Find the line below with "Golosi pollo sterilised" and the line with "- Login in the". Output exactly those lines and everything between them, leaving out the pictures.

**** ENTRIES SHOWN ****

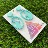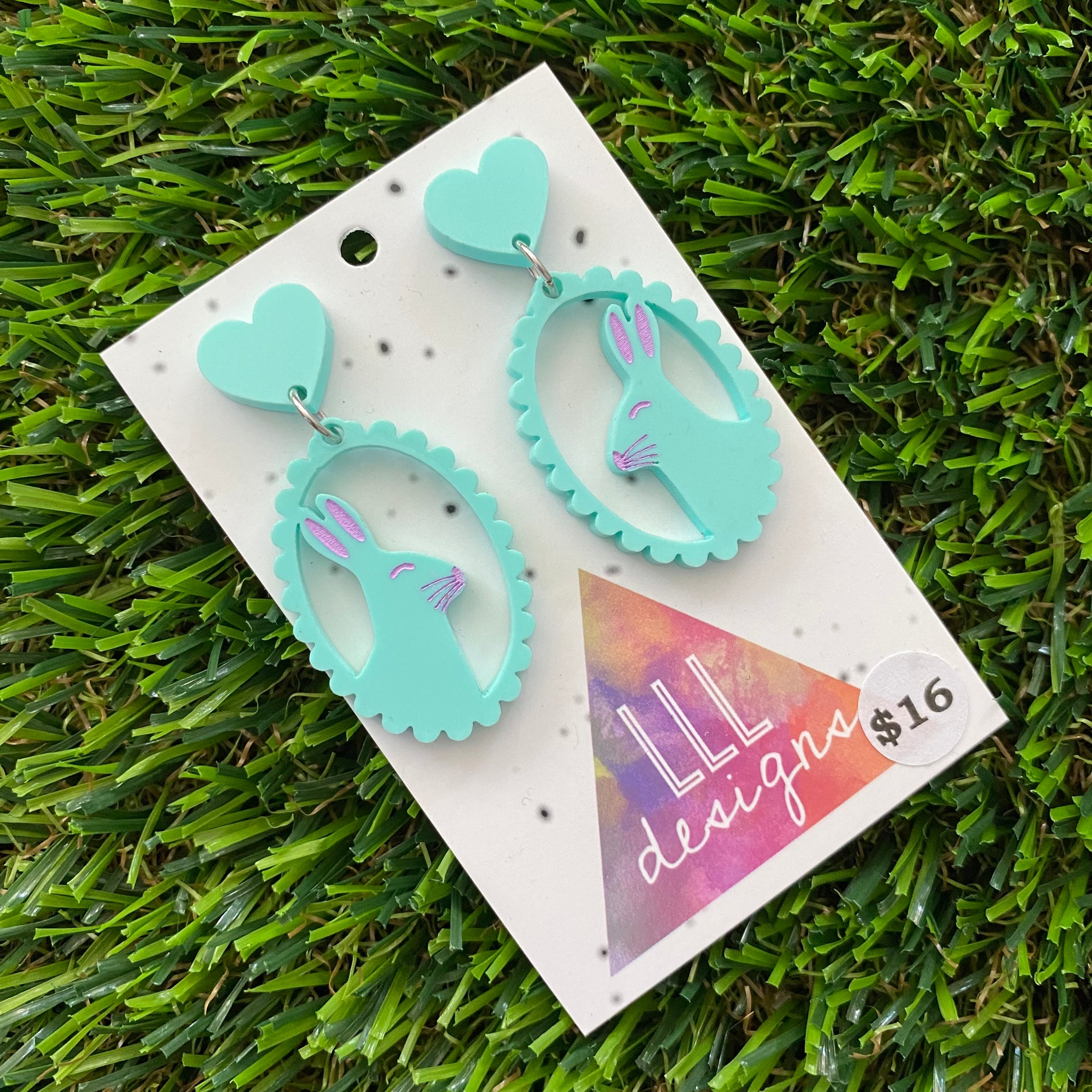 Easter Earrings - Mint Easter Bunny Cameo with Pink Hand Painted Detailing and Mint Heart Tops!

****
**** ENTRIES SHOWN ****

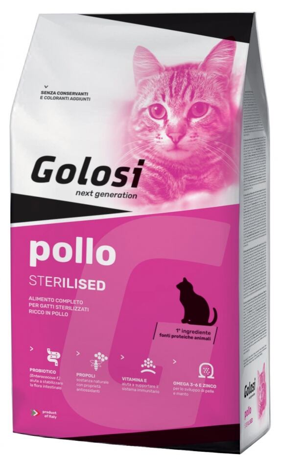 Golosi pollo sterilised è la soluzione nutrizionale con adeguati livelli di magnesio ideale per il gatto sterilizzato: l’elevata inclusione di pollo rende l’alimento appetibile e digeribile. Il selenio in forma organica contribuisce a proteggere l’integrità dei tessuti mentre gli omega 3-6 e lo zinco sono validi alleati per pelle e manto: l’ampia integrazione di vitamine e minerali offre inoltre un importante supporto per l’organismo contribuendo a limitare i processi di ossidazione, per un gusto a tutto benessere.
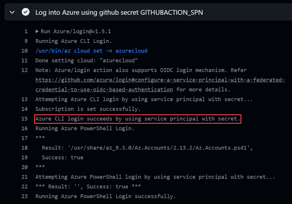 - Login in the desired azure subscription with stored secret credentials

****
**** ENTRIES SHOWN ****

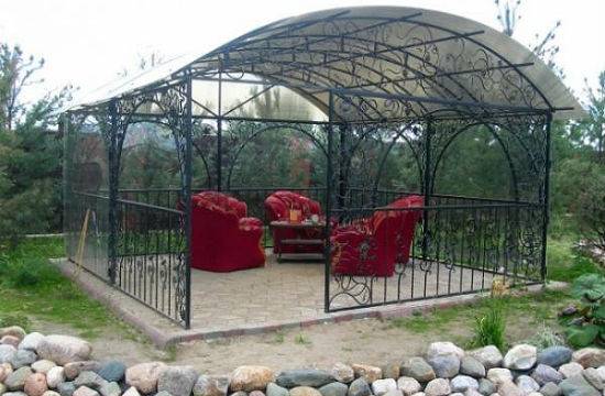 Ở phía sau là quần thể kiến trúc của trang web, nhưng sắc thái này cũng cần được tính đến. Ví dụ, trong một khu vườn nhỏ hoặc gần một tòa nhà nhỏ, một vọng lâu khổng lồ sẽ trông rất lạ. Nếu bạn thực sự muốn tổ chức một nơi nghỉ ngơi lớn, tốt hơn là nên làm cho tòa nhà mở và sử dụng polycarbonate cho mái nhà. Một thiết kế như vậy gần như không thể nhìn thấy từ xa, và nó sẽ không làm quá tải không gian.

****

**WRITTEN RESPONSE:**
 Golosi pollo sterilised è la soluzione nutrizionale con adeguati livelli di magnesio ideale per il gatto sterilizzato: l’elevata inclusione di pollo rende l’alimento appetibile e digeribile. Il selenio in forma organica contribuisce a proteggere l’integrità dei tessuti mentre gli omega 3-6 e lo zinco sono validi alleati per pelle e manto: l’ampia integrazione di vitamine e minerali offre inoltre un importante supporto per l’organismo contribuendo a limitare i processi di ossidazione, per un gusto a tutto benessere.
 - Login in the desired azure subscription with stored secret credentials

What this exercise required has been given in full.